Green Peppercorn & Raspberry Vinegar Bass
|All purpose flour||1⁄3 Cup (5.33 tbs)|
|Bass fillets/Substitute fillet||1 1⁄2 Pound, skin removed, cut in half crosswise (Each Fillets Of 6 Ounces)|
|Vegetable oil||2 Cup (32 tbs) (For Deep Frying)|
|Vegetable oil||1 Tablespoon|
|Chopped shallots||1⁄4 Cup (4 tbs)|
|Chicken broth||1⁄2 Cup (8 tbs) (Ready To Serve)|
|Creme de cassis||1⁄4 Cup (4 tbs)|
|Raspberry vinegar||3 Tablespoon|
|Fresh lemon juice||1 Tablespoon|
|Brown sauce||1⁄2 Cup (8 tbs)|
|Green peppercorns in brine||2 Tablespoon, drained|
Place flour in shallow dish.
Dredge fillets in flour to coat.
In 12-inch skillet, heat 7-8 inch oil over medium heat.

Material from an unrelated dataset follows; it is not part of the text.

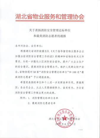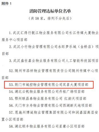 近日,市城控集團直屬子公司市城控物業(yè)公司雙喜大廈項目服務(wù)中心被湖北省物業(yè)服務(wù)和管理協(xié)會(huì )評為“湖北省消防安全管理達標單位”。在經(jīng)過(guò)嚴格審核、層層篩選后,該項目最終從湖北省眾多優(yōu)秀物業(yè)公司中脫穎而出,獲此殊榮。
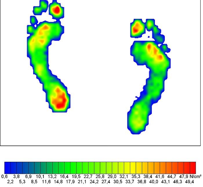 Im Messprotokoll gut zu erkennen: Die roten Flächen des Fußes stehen unter besonders hoher Belastung. Hier können orthopädische Schuheinlagen zur Fußgesundheit beitragen

Fry for 4 to 7 minutes, or until golden brown, turning over once.
Remove fillets from skillet.
Place on serving platter.
Cover to keep warm.
In 10-inch skillet, heat 1 tablespoon oil over medium heat.
Cook for 1/2 to 2 minutes, or until tender.
Stir in broth, creme de cassis, vinegar and juice.
Bring mixture to a simmer.
Reduce heat to medium-low.
Simmer for 10 to 15 minutes, or until mixture is reduced by half, stirring occasionally.
Add brown sauce and peppercorns.
Simmer for 1 minute, or until hot, stirring constantly.
Spoon sauce over fish.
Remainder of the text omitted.